And Hume gets close to Natural Selection
"And this very consideration too, continued PHILO, which we have stumbled on in the course of the argument, suggests a new hypothesis of cosmogony, that is not absolutely absurd and improbable. Is there a system, an order, an economy of things, by which matter can preserve that perpetual agitation which seems essential to it, and yet maintain a constancy in the forms which it produces? There certainly is such an economy; for this is actually the case with the present world. The continual motion of matter, therefore, in less than infinite transpositions, must produce this economy or order; and by its very nature, that order, when once established, supports itself, for many ages, if not to eternity. But wherever matter is so poised, arranged, and adjusted, as to continue in perpetual motion, and yet preserve a constancy in the forms, its situation must, of necessity, have all the same appearance of art and contrivance which we observe at present. All the parts of each form must have a relation to each other, and to the whole; and the whole itself must have a relation to the other parts of the universe; to the element in which the form subsists; to the materials with which it repairs its waste and decay; and to every other form which is hostile or friendly. A defect in any of these particulars destroys the form; and the matter of which it is composed is again set loose, and is thrown into irregular motions and fermentations, till it unite itself to some other regular form."

"It is in vain, therefore, to insist upon the uses of the parts in animals or vegetables, and their curious adjustment to each other. I would fain know, how an animal could subsist, unless its parts were so adjusted? Do we not find, that it immediately perishes whenever this adjustment ceases, and that its matter corrupting tries some new form?"
And here are a few parallel passages that suggest to me that Darwin might have been influenced by the Dialogues.

The ship and botched trials analogy
Hume in the Dialogues: "But were this world ever so perfect a production, it must still remain uncertain, whether all the excellences of the work can justly be ascribed to the workman.
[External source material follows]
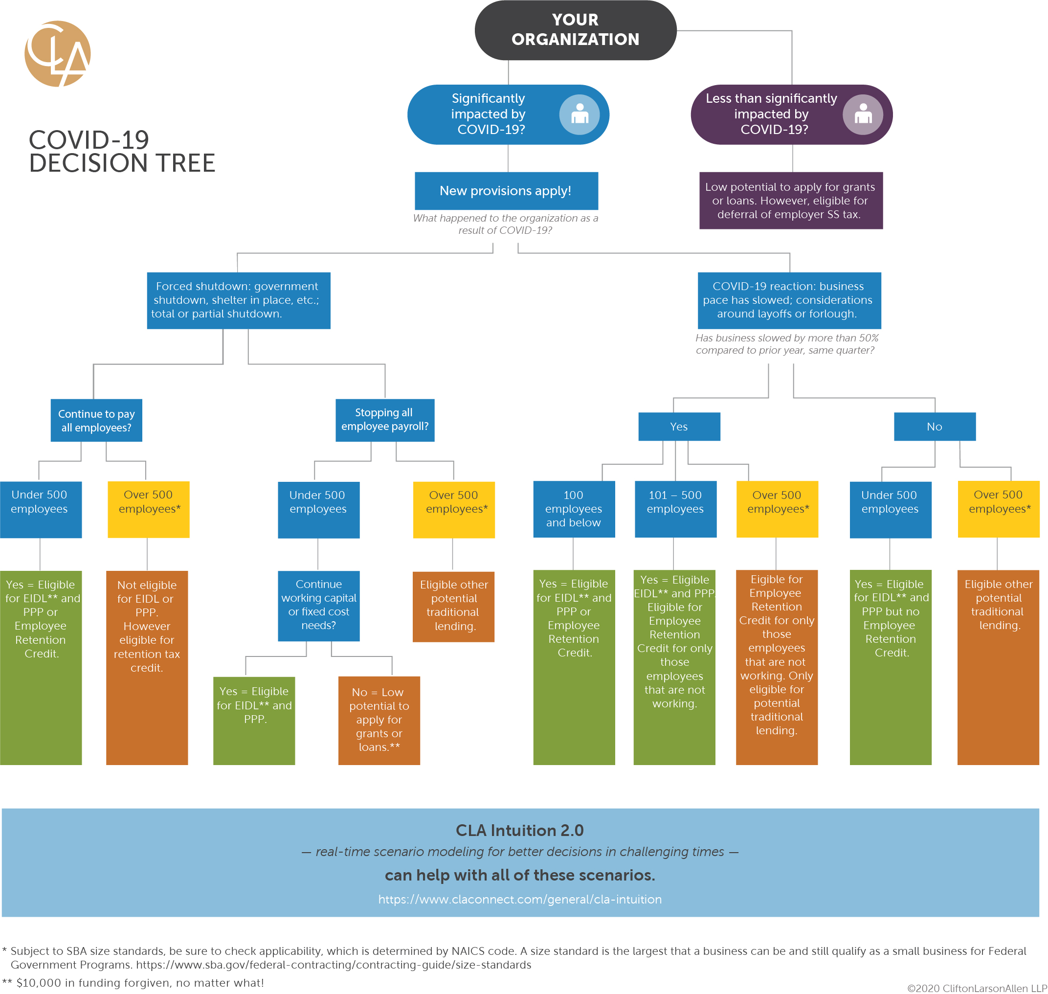 Forced shutdown or significant slowdown? Use our COVID-19 loan and grant decision tree to understand the options best suited for your organization.

If we survey a ship, what an exalted idea must we form of the ingenuity of the carpenter who framed so complicated, useful, and beautiful a machine? And what surprise must we feel, when we find him a stupid mechanic, who imitated others, and copied an art, which, through a long succession of ages, after multiplied trials, mistakes, corrections, deliberations, and controversies, had been gradually improving? Many worlds might have been botched and bungled, throughout an eternity, ere this system was struck out; much labour lost, many fruitless trials made; and a slow, but continued improvement carried on during infinite ages in the art of world-making."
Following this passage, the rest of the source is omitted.